So that’s it, the 44th parliament is done and dusted, apart from some Senate estimates hearings being held today. The Prime Minister is off to visit Sir Peter Cosgrove (don’t forget the knighthood), most likely on Sunday, to finally launch the double dissolution election he promised back in March in a move hailed by many of the political cognoscenti as a bold and brilliant decision.
At this point, however, it’s not looking too flash. The government is trailing Labor — not by much, certainly not by any insurmountable amount, and it has plenty of time, but it’s not where the Coalition or the rest of us, or even Labor, thought they’d be even a couple of months ago. Appropriately, yesterday turned into a debacle for the government when first Morrison and then Turnbull struggled with the corporate tax cut costing. As Tony Burke pointedly observed in the opposition’s censure motion later in the day, not knowing the cost of every line in the budget was understandable, but it was inexplicable that they wouldn’t know the cost of their budget centrepiece.
It’s a similar story to that of the Parliament as a whole. Tony Abbott was elected in 2013 in a near-landslide by voters sick of the Rudd-Gillard circus and thirsting for the kind of adult, no-surprises government Abbott promised. Abbott, briefly, was scoring good approval ratings. But he buggered it up. Time and time again he made mistakes, often really basic mistakes, and frittered away electoral goodwill, until the electorate came to loathe Abbott and hanker for his removal. Never before had a prime minister been given such an opportunity and squandered it so badly.
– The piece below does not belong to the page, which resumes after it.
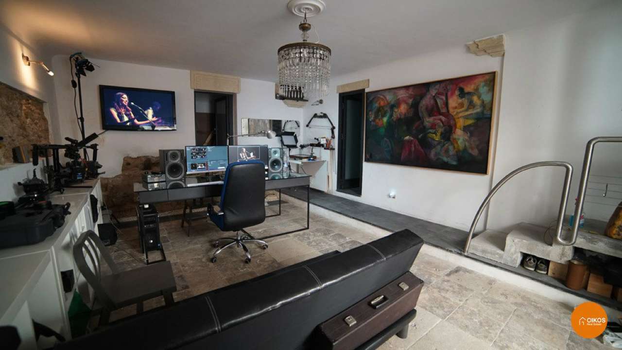 Il piano terra ospita uno studio di circa 30 mq, che pu essere adibito ad un pied a terre in quanto composto da un angolo cottura, un ripostiglio ed un bagno con doccia.

And now, Malcolm Turnbull faces the same test. He, too, had it all — or if not all, then a solid chunk of it. Yes, the expectations of him were so high that they were always bound to be disappointed. But nothing summed up the period around his ascension better than the reaction of one Labor MP, who said about Turnbull’s impact on his party’s electoral prospects “we’re fucked, but it’s good for the country”. However, he too has squandered the goodwill and political capital he began with. He too has made basic errors. Perhaps it’s the job. John Howard had a rotten first term, but he survived to make a reasonable fist of the job. Since then, we haven’t had a PM who’s been in the Lodge long enough to learn from their mistakes about doing one of the toughest jobs in the country.
But part of it comes down to Labor. “We’ve learned the hard lessons of the past,” Shorten said last night. Unlike Labor every term since Kim Beazley led them to defeat in 2001, they’ve stuck behind their leader, if only narrowly. And Shorten made the right call when Turnbull became prime minister — he wasn’t going to be able to compete with politics’ most eloquent and charismatic figure, so the best option was to concentrate on policy. The result has skewed the whole political environment away from what the Coalition has wanted to talk about — particularly union corruption and innovation — towards what Labor wants to talk about: tax fairness, multinational tax avoidance, the rich rorting super tax concessions.
The result is that the government emerges from budget week and into the campaign proper without having been able to fully exploit its incumbency or control the political agenda. And Malcolm Turnbull has never led his party into an election, and Scott Morrison has never taken the Treasury portfolio into one. Shorten is also an election neophyte, but he has Chris Bowen by his side, a man who nails his key messages with Waleed Aly-like efficiency while Morrison can look lost and incapable of uttering anything beyond cliches.
The sense in Canberra is that Turnbull will sneak home and emerge as a better prime minister once he has a mandate. But he has consistently disappointed expectations as leader, and may yet do so again. And remember, a Shorten government isn’t the only alternative. Think about a Turnbull minority government, or one with a tiny majority, subject to threat of defection by disgruntled MPs — and the disproportionate influence such MPs might end up having.
It should be a fascinating election. And Crikey will be covering the start on the weekend.